If we subset this network removing every article page we obtain a network describing the hierarchy among Wikipedia categories.
g_ns14 <- g_ns0_and_ns14 - V(g_ns0_and_ns14)[!(V(g_ns0_and_ns14)$namespace %in% c(14))]
Still many categories will not be of any interest in defining the content of the articles since they are used by Wikipedia contributors to maintain the site and should be removed. Each Wikipedia version has a different set of ‘service’ categories (e.g. Articles_needing_expert_attention) so it is impossible to define general rules in how to remove them.
After removing all categories not related to the content of the article we can target specific macrocategories and fetch all of their neighbours to create a list of categories of interest. All article pages linked to this categories of interest will be selected for creating the concept map. The advantage of this approach is that if we know the general categories we are interested in (e.g. British_pop_music_groups we do not necessarily know all categories in the neighbourhood of this category (following in the example British_boy_bands and British_pop_musicians).
To add categories to a list of categories of interest we proceed as following: we subset g_ns14
by creating an ego-network around a general category, we fetch all categories contained in the resulting ego-network and we store them in a data.frame
defined as
cat_to_include <- data.frame(page_id = character(),
page_title = character(),
target_cat = character())
First we create a function that given a graph g
and our data.frame
cat_to_include
will add to the data.frame
all the category names contained in g
addToCat <- function(g, cat_to_include, target_cat) {
cat_to_include <- rbind(cat_to_include, data.frame(page_id = V(g)$name,
page_title = V(g)$page_title,
target_cat = target_cat,
stringsAsFactors = FALSE))
return(cat_to_include)
}
Then for each general category we know, let’s say Poverty
, we construct an ego-graph with make_ego_graph()
and fetch the categories it contains.
g_of_interest <-
make_ego_graph(g_ns14, nodes = V(g_ns14)[V(g_ns14)$page_title == 'Poverty'], order = 2, mode = 'all')[[1]]

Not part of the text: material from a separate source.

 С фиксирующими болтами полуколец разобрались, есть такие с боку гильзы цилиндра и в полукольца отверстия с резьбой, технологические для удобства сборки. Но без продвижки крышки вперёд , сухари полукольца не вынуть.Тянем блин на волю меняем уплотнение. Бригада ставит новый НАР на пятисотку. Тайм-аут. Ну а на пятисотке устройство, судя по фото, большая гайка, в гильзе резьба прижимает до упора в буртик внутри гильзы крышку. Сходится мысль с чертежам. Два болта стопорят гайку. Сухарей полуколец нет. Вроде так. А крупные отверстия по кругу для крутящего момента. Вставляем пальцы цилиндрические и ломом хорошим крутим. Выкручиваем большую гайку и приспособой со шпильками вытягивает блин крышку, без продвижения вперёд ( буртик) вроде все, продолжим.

cat_to_include <- addToCat(g_of_interest, cat_to_include, 'Poverty')
The attribute order
control the radius of the neighbourhood; order = 2
indicates that we want to include in our ego-graph every node within a distance of two degree from the ego-vertex.
Finally, once we have a comprehensive list of categories of interest we want to fetch all articles that belong to these categories. We go back to our graph describing relations among categories and between categories and articles – g_ns0_and_ns14
– and we create from it a new graph called selected_articles
which includes only article pages of interest.

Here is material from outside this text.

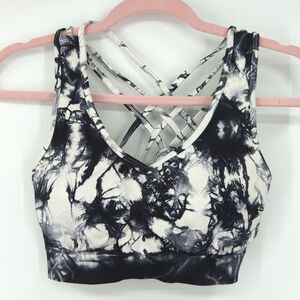 Fit Booty Tie Die Black White Sports Bra Criss-Cross Straps Medium

First, we drop from g_ns0_and_ns14
all category pages (V(g_ns0_and_ns14)$namespace == 14
) and all article pages that are not listed in cat_to_include
(note that g_ns0_and_ns14
uses as attribute name
the page id) and then calculate for each vertex the number of outgoing links.

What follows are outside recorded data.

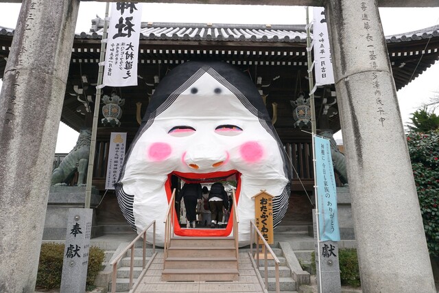 毎年2月の節分厄除大祭の時期、門に設置される巨大な『おたふく面』を観に行きました。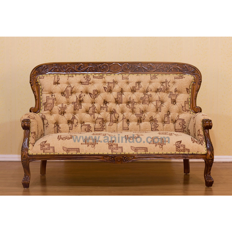 Our?flower sofa 2 seater is made of mahogany wood in?walnut finish. The fabric is 100% ...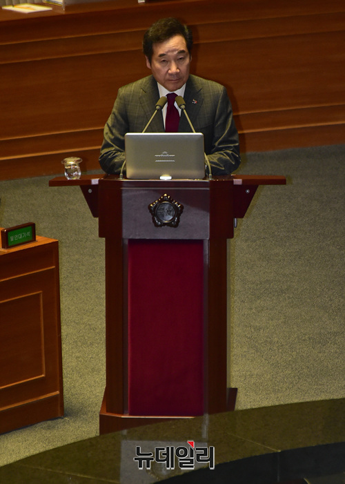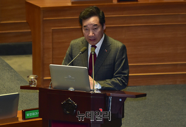 이낙연 국무총리가 21일 오후 국회 본회의장에서 열린 경제 분야 대정부질문에서 의원들의 질문에 답하고 있다.

selected_articles <- g_ns0_and_ns14 -
V(g_ns0_and_ns14)[V(g_ns0_and_ns14)$namespace == 14 & !(V(g_ns0_and_ns14)$name %in% cat_to_include$page_id)]
V(selected_articles)$outdegree <- degree(selected_articles, V(selected_articles), mode = 'out')
Second, we want to track for each selected article which categories determined it to be included in our list. Of course since article pages usually belong multiple categories, it is possible that an article was selected because linked to more than one category of interests. For each target category we then create a logical vector storing information on whether an article belongs to it. We do it with
for (supracat in unique(cat_to_include$target_cat)) {
cats <- subset(cat_to_include, target_cat == supracat)$page_id
neighs <-
graph.neighborhood(selected_articles, V(selected_articles)[V(selected_articles)$name %in% cats], order = 1)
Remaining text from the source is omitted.